#### [RECORDS FOR THIS TASK]
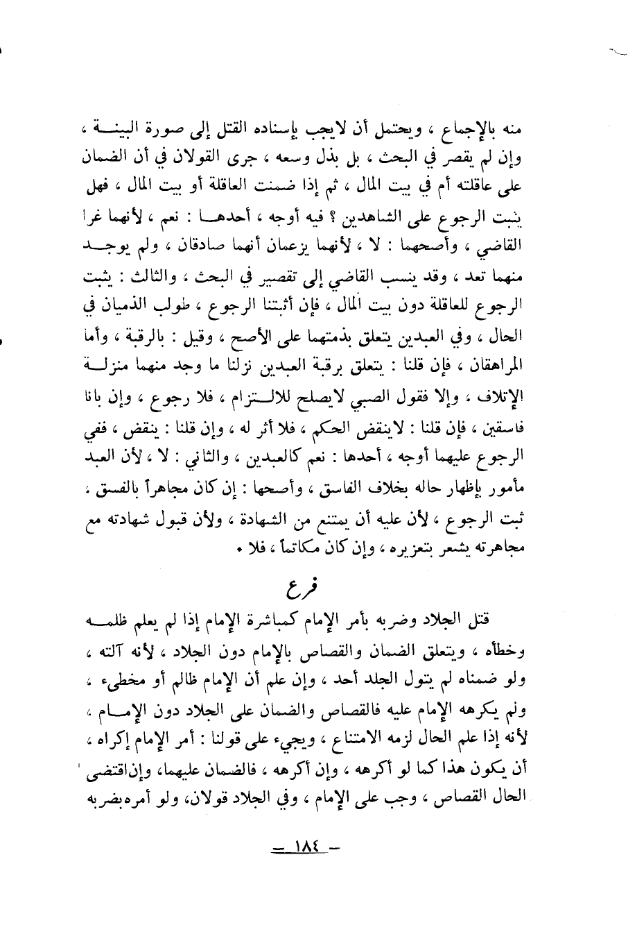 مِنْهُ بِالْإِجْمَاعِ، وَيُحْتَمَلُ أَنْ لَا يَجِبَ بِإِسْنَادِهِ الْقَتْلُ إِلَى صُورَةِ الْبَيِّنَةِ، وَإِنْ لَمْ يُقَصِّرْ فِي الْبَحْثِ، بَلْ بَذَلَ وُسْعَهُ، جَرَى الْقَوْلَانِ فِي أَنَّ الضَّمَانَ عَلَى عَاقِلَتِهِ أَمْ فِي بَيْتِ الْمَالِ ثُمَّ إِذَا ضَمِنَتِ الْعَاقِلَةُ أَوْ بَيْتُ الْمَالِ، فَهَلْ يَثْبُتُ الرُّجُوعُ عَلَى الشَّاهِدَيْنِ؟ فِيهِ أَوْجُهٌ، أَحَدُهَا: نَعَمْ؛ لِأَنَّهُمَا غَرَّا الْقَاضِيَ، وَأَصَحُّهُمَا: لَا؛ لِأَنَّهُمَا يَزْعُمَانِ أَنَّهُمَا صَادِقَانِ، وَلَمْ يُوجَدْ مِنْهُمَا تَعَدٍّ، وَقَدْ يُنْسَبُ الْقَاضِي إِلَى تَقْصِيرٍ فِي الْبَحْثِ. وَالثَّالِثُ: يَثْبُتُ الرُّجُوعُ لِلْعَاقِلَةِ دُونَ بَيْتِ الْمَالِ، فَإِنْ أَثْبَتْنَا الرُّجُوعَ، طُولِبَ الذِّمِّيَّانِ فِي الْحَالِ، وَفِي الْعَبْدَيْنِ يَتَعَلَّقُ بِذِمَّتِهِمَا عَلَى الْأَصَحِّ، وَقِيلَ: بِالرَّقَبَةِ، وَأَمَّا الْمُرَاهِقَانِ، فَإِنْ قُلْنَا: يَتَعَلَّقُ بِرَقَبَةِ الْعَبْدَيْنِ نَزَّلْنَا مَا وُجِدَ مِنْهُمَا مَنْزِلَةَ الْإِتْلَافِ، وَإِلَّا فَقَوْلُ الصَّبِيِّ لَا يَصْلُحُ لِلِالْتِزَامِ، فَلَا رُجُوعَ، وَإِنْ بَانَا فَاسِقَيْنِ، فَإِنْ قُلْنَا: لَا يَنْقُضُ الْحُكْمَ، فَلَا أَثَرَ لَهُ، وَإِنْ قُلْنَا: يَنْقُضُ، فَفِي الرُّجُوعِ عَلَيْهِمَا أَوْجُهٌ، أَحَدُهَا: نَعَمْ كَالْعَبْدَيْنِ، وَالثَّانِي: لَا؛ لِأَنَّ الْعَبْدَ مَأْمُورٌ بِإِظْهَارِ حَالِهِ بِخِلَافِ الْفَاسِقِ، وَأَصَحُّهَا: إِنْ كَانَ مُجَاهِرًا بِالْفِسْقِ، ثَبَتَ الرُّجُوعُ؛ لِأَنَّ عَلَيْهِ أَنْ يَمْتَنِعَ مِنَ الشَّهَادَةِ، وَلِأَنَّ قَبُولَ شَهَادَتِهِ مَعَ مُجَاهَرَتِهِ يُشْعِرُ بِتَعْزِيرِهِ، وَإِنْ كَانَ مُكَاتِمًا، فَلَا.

...

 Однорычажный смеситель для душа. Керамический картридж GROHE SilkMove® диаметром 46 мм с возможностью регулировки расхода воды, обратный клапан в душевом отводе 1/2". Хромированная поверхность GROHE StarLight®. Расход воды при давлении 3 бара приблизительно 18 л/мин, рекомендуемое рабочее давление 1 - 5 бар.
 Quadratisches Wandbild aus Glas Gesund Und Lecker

* * *

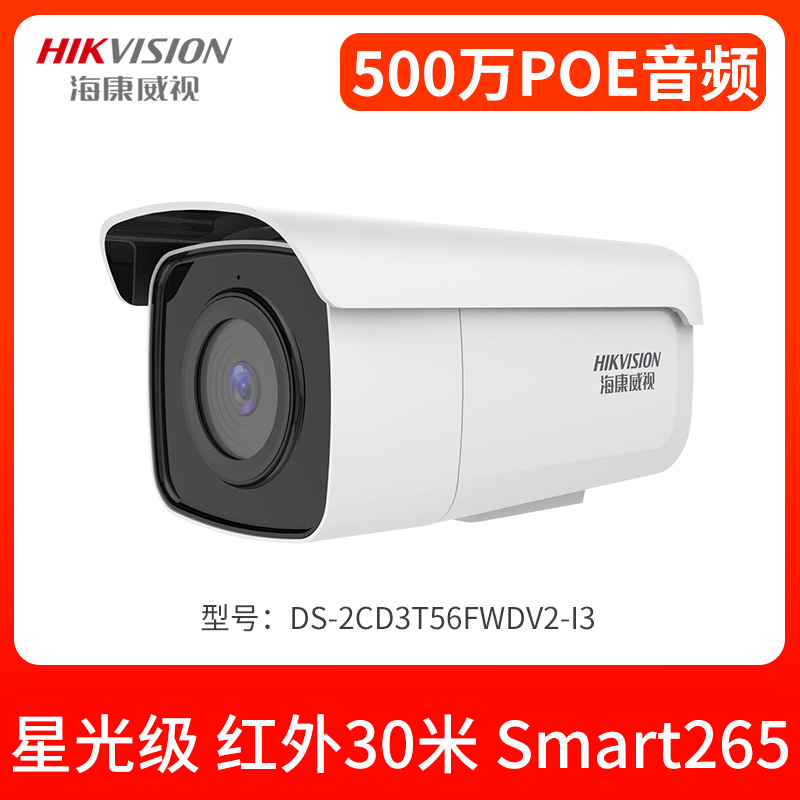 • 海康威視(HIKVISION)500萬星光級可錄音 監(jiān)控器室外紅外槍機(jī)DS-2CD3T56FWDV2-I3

#### [WORK TASK]
Using the entries above, extract exactly the span from the line with "Однорычажный смеситель для" to the line with "Quadratisches Wandbild aus", both lines included; leave out everything else.

#### [THE COMPLETED TASK]
 Однорычажный смеситель для душа. Керамический картридж GROHE SilkMove® диаметром 46 мм с возможностью регулировки расхода воды, обратный клапан в душевом отводе 1/2". Хромированная поверхность GROHE StarLight®. Расход воды при давлении 3 бара приблизительно 18 л/мин, рекомендуемое рабочее давление 1 - 5 бар.
 Quadratisches Wandbild aus Glas Gesund Und Lecker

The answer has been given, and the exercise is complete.